_Material for this exercise_
┌──

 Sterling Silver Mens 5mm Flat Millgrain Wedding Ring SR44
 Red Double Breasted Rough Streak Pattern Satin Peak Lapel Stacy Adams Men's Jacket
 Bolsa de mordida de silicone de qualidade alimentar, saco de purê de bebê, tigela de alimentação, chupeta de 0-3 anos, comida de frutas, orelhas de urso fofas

└──
┌──

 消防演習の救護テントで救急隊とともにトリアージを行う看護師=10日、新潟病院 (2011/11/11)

└──

Above are the lines; repeat exactly the ones from the line containing "Sterling Silver Mens" down to the line containing "Bolsa de mordida", both inclusive.

 Sterling Silver Mens 5mm Flat Millgrain Wedding Ring SR44
 Red Double Breasted Rough Streak Pattern Satin Peak Lapel Stacy Adams Men's Jacket
 Bolsa de mordida de silicone de qualidade alimentar, saco de purê de bebê, tigela de alimentação, chupeta de 0-3 anos, comida de frutas, orelhas de urso fofas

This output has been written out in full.